Brief:
From the material below, retype exactly the lines that begin at the line with "当日,在喀什市夏马勒巴格镇喀" and end after the line with "Borduursel van witte"; pictures stay out of the copy.

Data for the task:
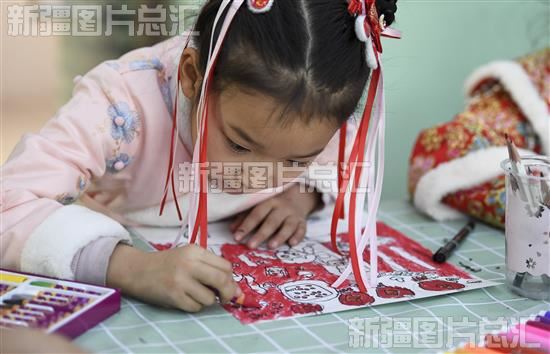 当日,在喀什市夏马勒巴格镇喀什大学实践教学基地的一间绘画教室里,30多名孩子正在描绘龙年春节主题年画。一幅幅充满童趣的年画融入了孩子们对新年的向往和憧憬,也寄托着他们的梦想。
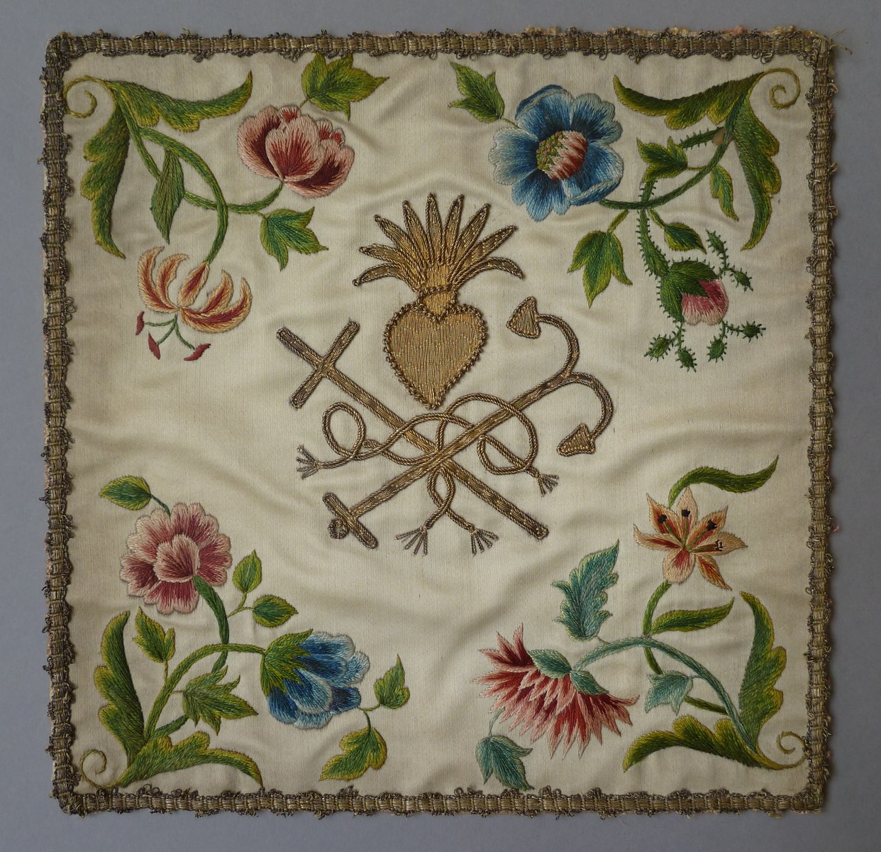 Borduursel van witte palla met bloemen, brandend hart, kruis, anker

==

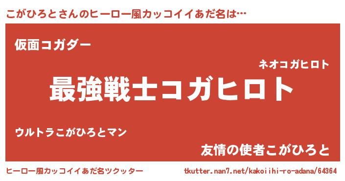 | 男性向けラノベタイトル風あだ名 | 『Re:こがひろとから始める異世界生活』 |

---

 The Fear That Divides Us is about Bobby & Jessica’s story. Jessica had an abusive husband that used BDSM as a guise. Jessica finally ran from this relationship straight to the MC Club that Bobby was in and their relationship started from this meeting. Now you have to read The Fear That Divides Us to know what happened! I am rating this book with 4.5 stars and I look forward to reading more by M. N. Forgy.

Finished task:
 当日,在喀什市夏马勒巴格镇喀什大学实践教学基地的一间绘画教室里,30多名孩子正在描绘龙年春节主题年画。一幅幅充满童趣的年画融入了孩子们对新年的向往和憧憬,也寄托着他们的梦想。
 Borduursel van witte palla met bloemen, brandend hart, kruis, anker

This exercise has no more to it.